AccelerationNet / cl-csv

A common lisp library providing easy csv reading and writing
Other
116 stars 22 forks source link

Parsing confusion in the presence of non-escaping backslashes #17

Closed dimitri closed 10 years ago

dimitri commented 10 years ago

Hi,

As reported in https://github.com/dimitri/pgloader/issues/80 towards the end, cl-csv fails to parse simple input when it contains unexpected escaping characters (not the whole escaping string) in the middle of a text field.

Here's a reduced test case:

"16417153","1401640227","Jun 1 2014","HTML -//W3C//DTD HTML 4.01 Frameset//EN\\",""

And I can reproduce the failure with the following code:

CL-USER> (with-open-file (s "foo.csv")
           (cl-csv:read-csv s :quote #\" :separator #\, :escape "\\\""))
; Evaluation aborted on #<SB-KERNEL:CASE-FAILURE expected-type:
                         (MEMBER :COLLECTING :COLLECTING-QUOTED :WAITING)
                         datum: :WAITING-FOR-NEXT>.
bobbysmith007 commented 10 years ago

So the bug as I understand it is the need to add an escape for the escape character (in some circumstances). By default this should be "\" (ie: two backslashes in a row). Any suggestion for the name? escape-escape sounds awful but also accurate.

dimitri commented 10 years ago

Well in the case of that specific input file you can see https://github.com/HTTPArchive/httparchive/issues/25 that hints into the backslash not being there for any reason really (truncated string).

So I'm not sure we should reason in terms of escaping the escape character rather than just allowing for a general espace character: backslash could be used to escape whatever follows, which in the case of the faulty input we have, is another backslash, and then we have a free quote, so the quoted section ends.
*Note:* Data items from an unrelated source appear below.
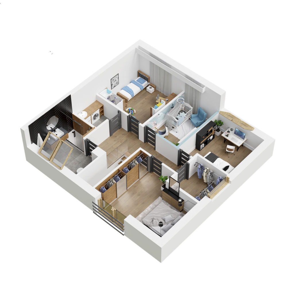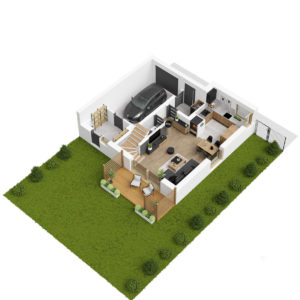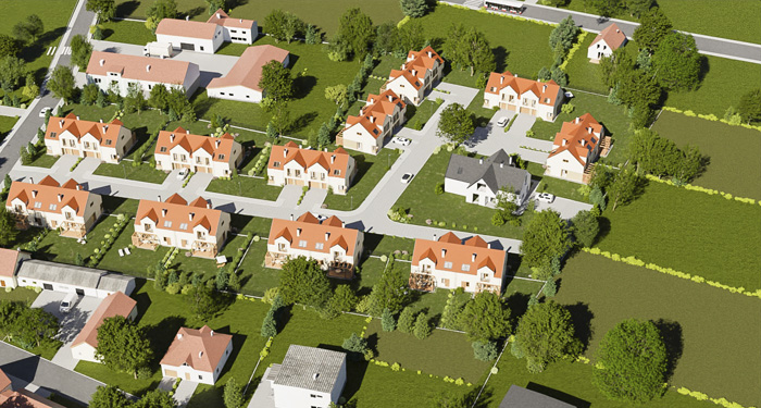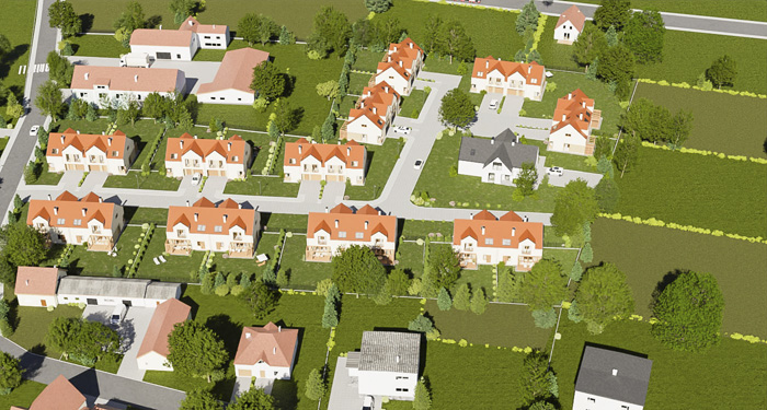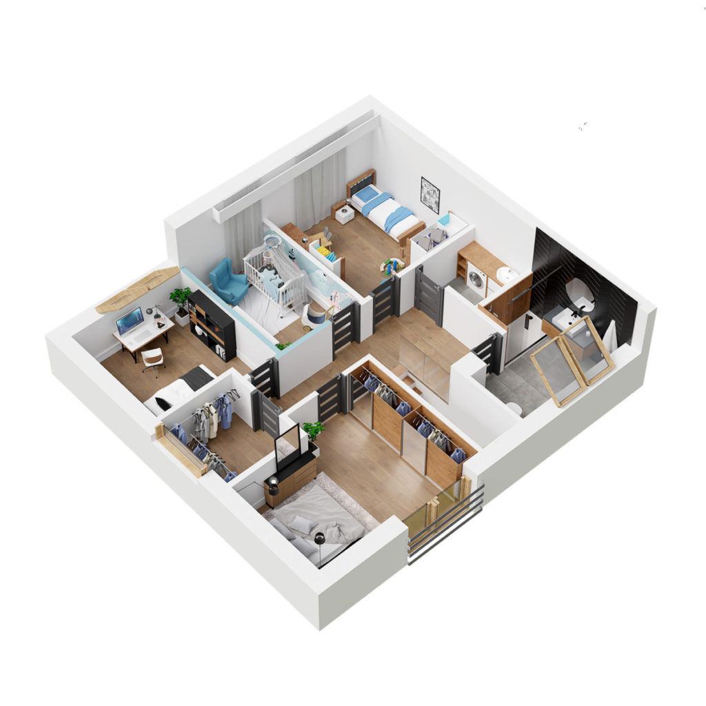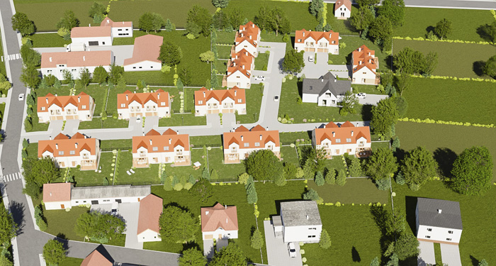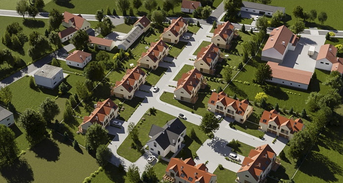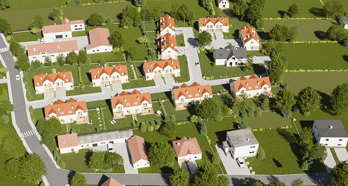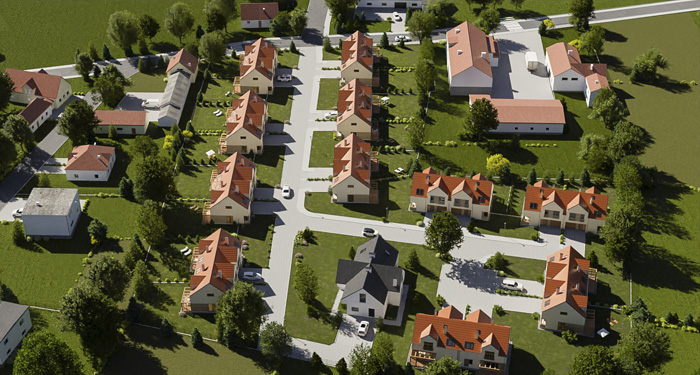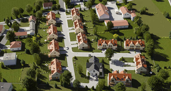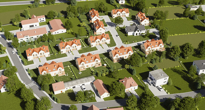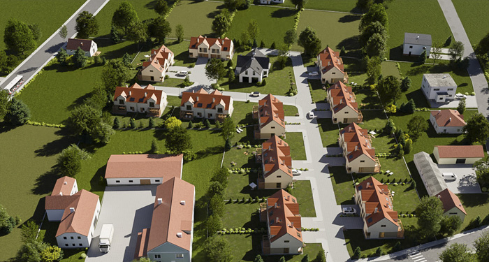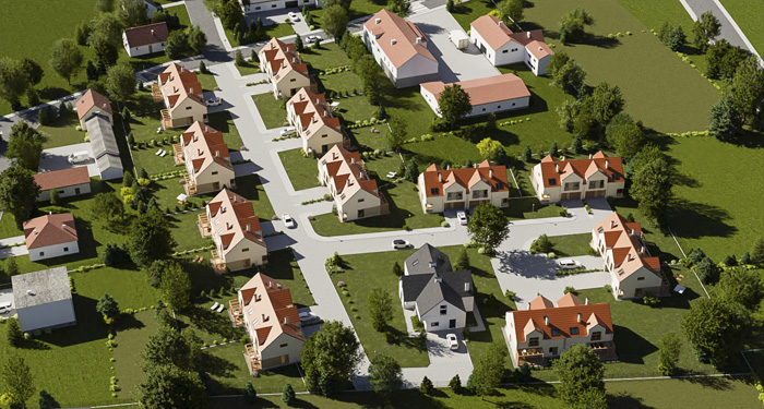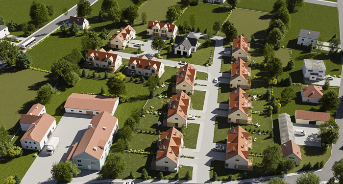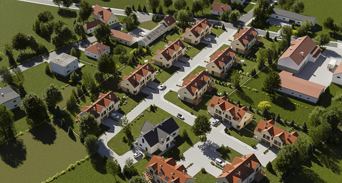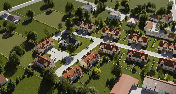 Kameralne osiedle 24 domów w zabudowie bliźniaczej, z których każdy ma powierzchnię użytkową 130,92 m² i doskonale zaprojektowany układ pomieszczeń.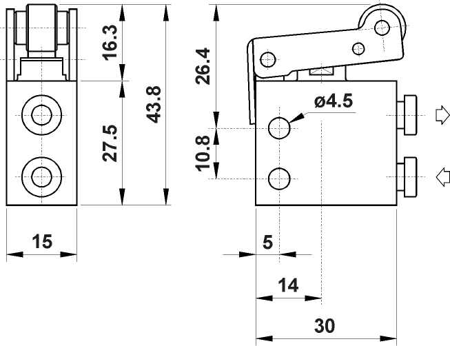 3/2 NA, raccordi automatici per tubo ø4 laterali, leva rullo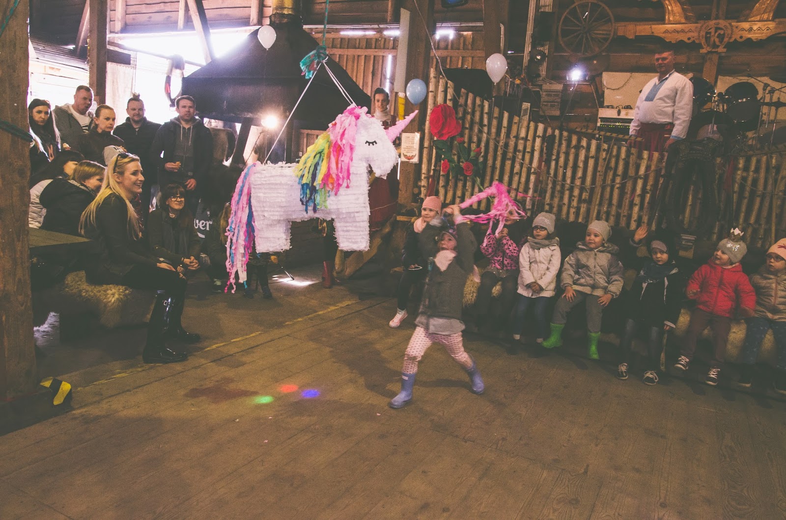 W naszym przypadku był to papierowy jednorożec wypełniony słodkościami i innymi giftami.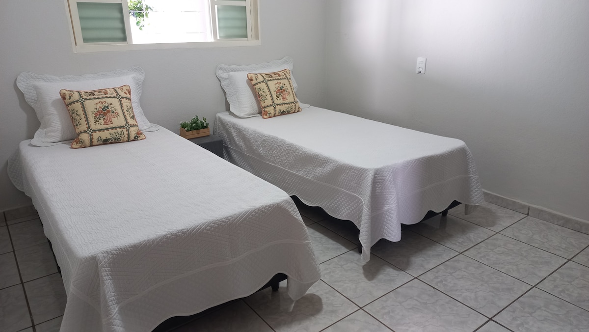 Velika i udobna kuća, 1 min od ABCZ, 4 min od BR-050 i 5 min od tržnog centra Uberaba. Idealno za putovanja, posao, zaustavljanja i događaje. Obezbjeđujemo peškire, posteljinu i osnovne potrepštine. Odlična lokacija, udobnost i praktičnost! Može da primi do 9 osoba: glavni apartman sa klima-uređajem (2 bračna kreveta), spavaća soba sa bračnim krevetom i krevetom za jednu osobu sa krevetom na razvlačenje, plus kauč na razvlačenje u dnevnoj sobi. Opremljena kuhinja, Wi-Fi, spoljni prostor i 2 parking mesta. Udobnost i praktičnost na jednom mjestu!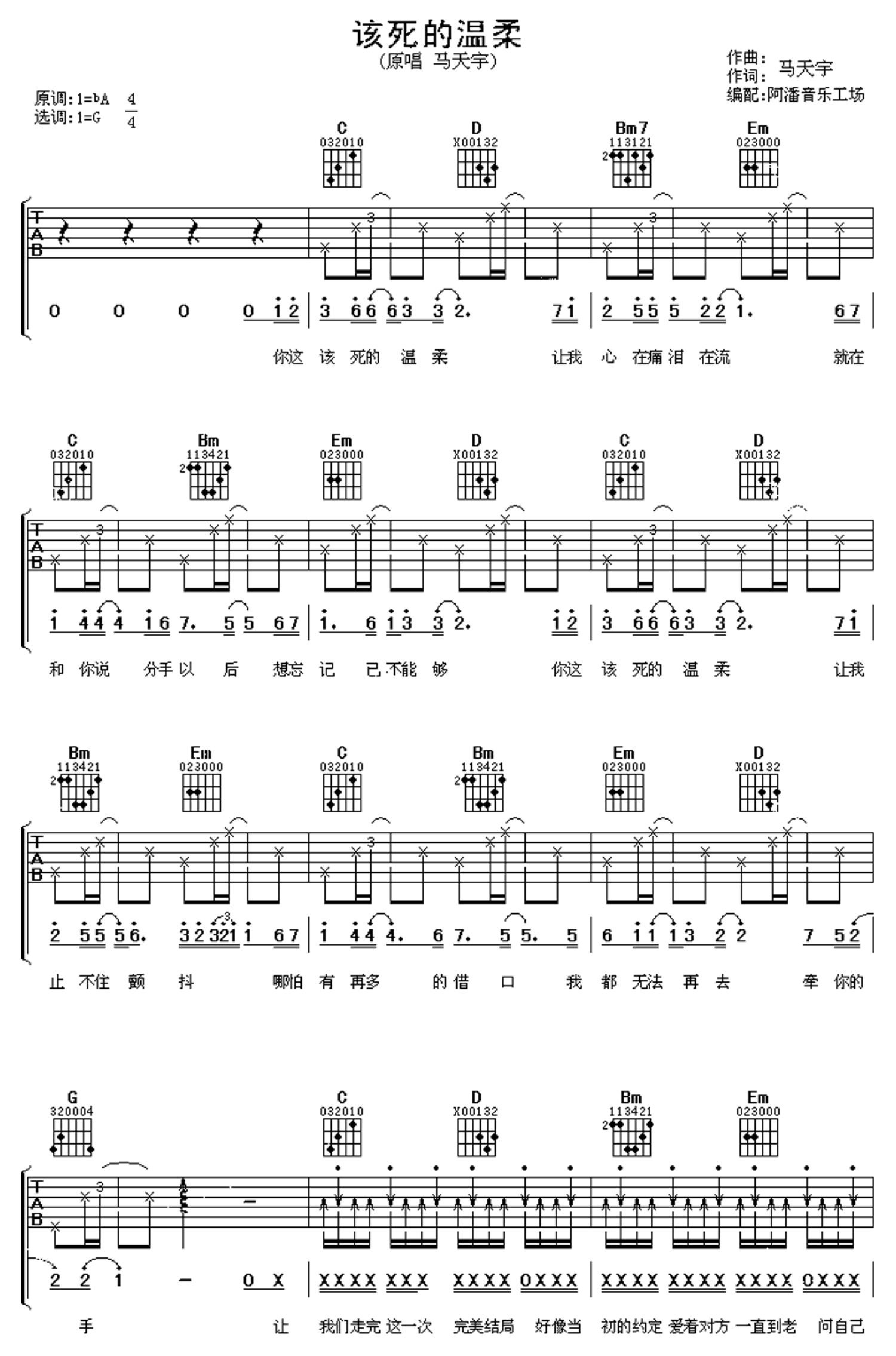该死的温柔吉他谱 - 马天宇 - G调吉他弹唱谱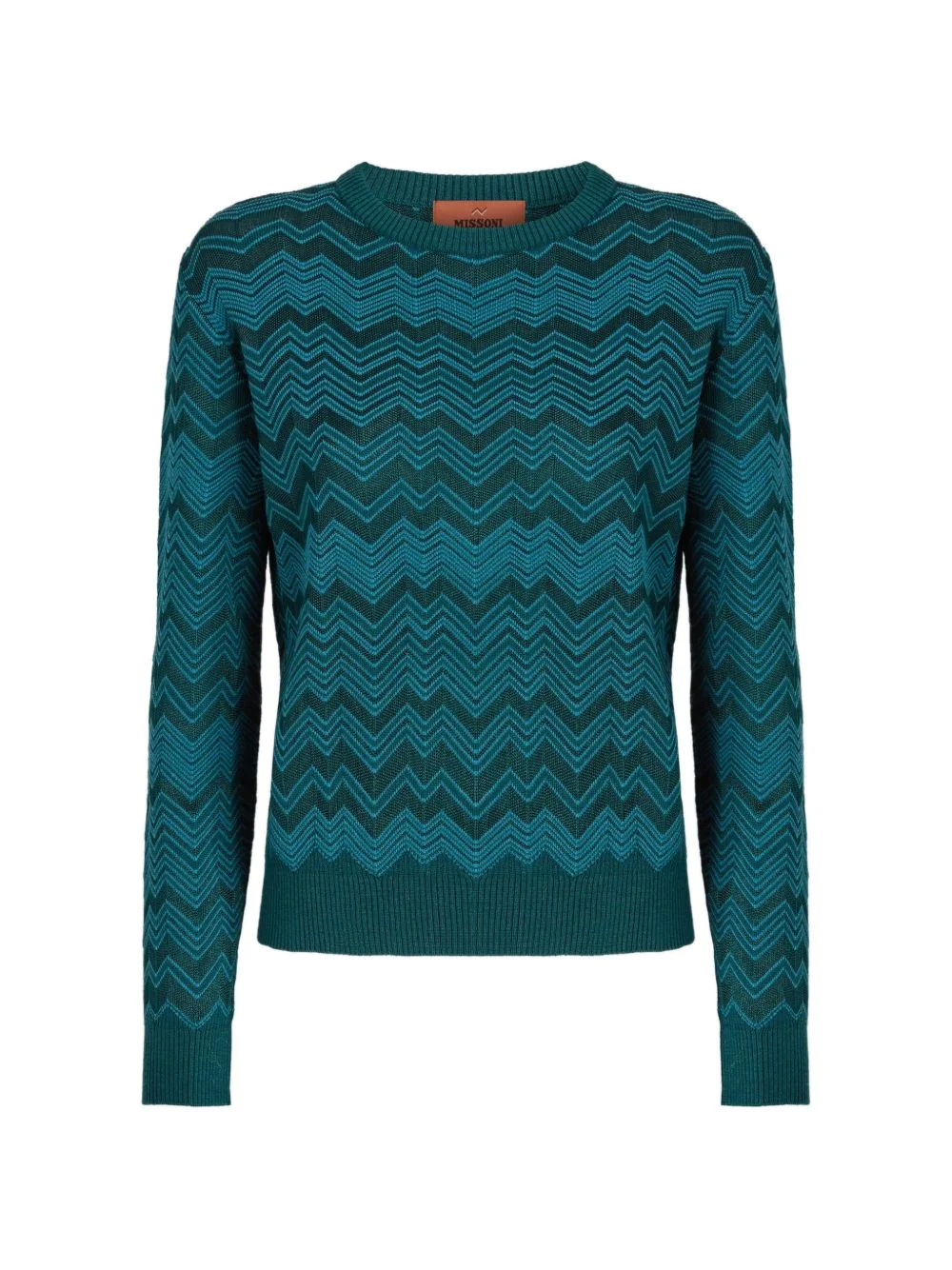 chevron-pattern sweater Highlights - Green - Chevron pattern - Round neck - Long sleeves - Ribbed hem and cuffs - The item you receive may differ slightly from the item photographed. this is due to the artisanal nature with which all missoni products are constructed. Made in Italy Composition Rayon 49%, Wool 44%, Polyester 5%, Elastane 1%, Polyamide 1% Washing instructions Dry Clean Only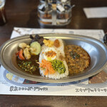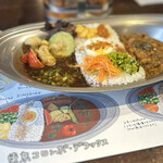 今回は全部のせ的な、東京コロンボ・デラックスにエキゾチックキーマの「あいがけ2種盛り」1,400円をいただきました。店名ともなっている東京コロンボは、カリブ海の料理であるコロンボという、肉や野菜をスパイスで煮込んだものをカレーとしてアレンジしたもの。ほかにありそうでないスタイルです。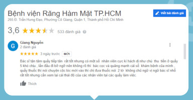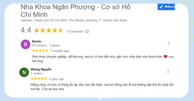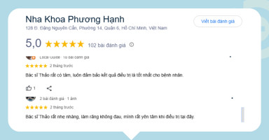 Theo tìm hiểu của BookingCare trên Google, Nha khoa Phương Hạnh nhận được nhiều phản hồi tích cực từ người bệnh thăm khám, đặc biệt về chuyên môn của bác sĩ Thảo và sự chu đáo của đội ngũ nhân viên. Bác sĩ Thảo có lịch khám linh hoạt tại các cơ sở, do đó, bạn đọc muốn thăm khám và tư vấn trực tiếp cùng bác sĩ có thể chủ động liên hệ đặt lịch trước để được phục vụ tốt nhất.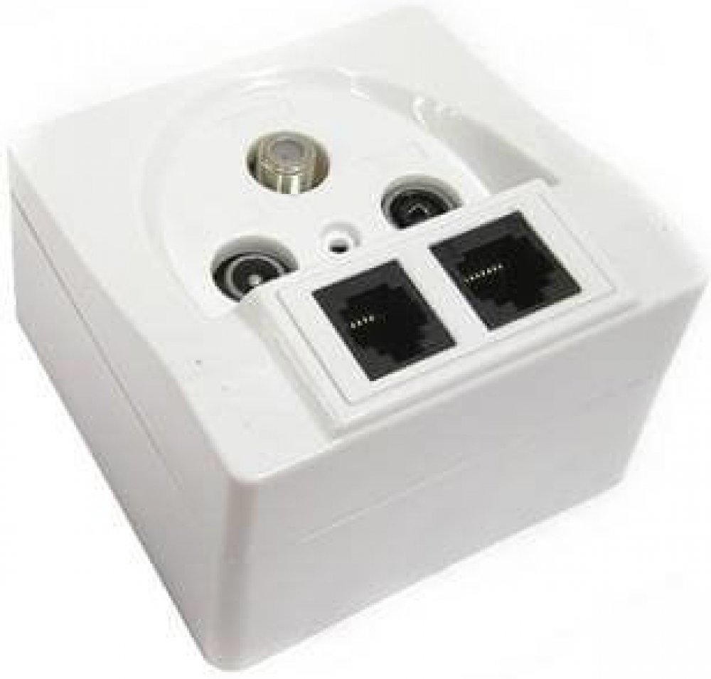 Tato zásuvka umožňuje snadné a přehledné připojení všech běžných domácích médií a komunikačních linek. Vybavena je kvalitními konektory typu F (satelit), IEC (TV, rádio), RJ45 (LAN) a RJ11 (telefon) , což z ní činí ideální řešení pro novostavby, rekonstrukce i technicky náročné instalace.

What do you think?

bobbysmith007 commented 10 years ago

I read that as: We would like a new parser escaping mode, that rather than replacing all quote-escapes with a quote, replaces {escape-character}{thing} with {thing} regardless of what {thing} is.

I have to imagine that this is partly where the "" escape sequence arose.

I guess a new parameter :escaping-mode that defaults to :quote and accepts one of (:quote :following-char).

bobbysmith007 commented 10 years ago

Please try this out and let me know if it matches what you had in mind / solves your parsing error.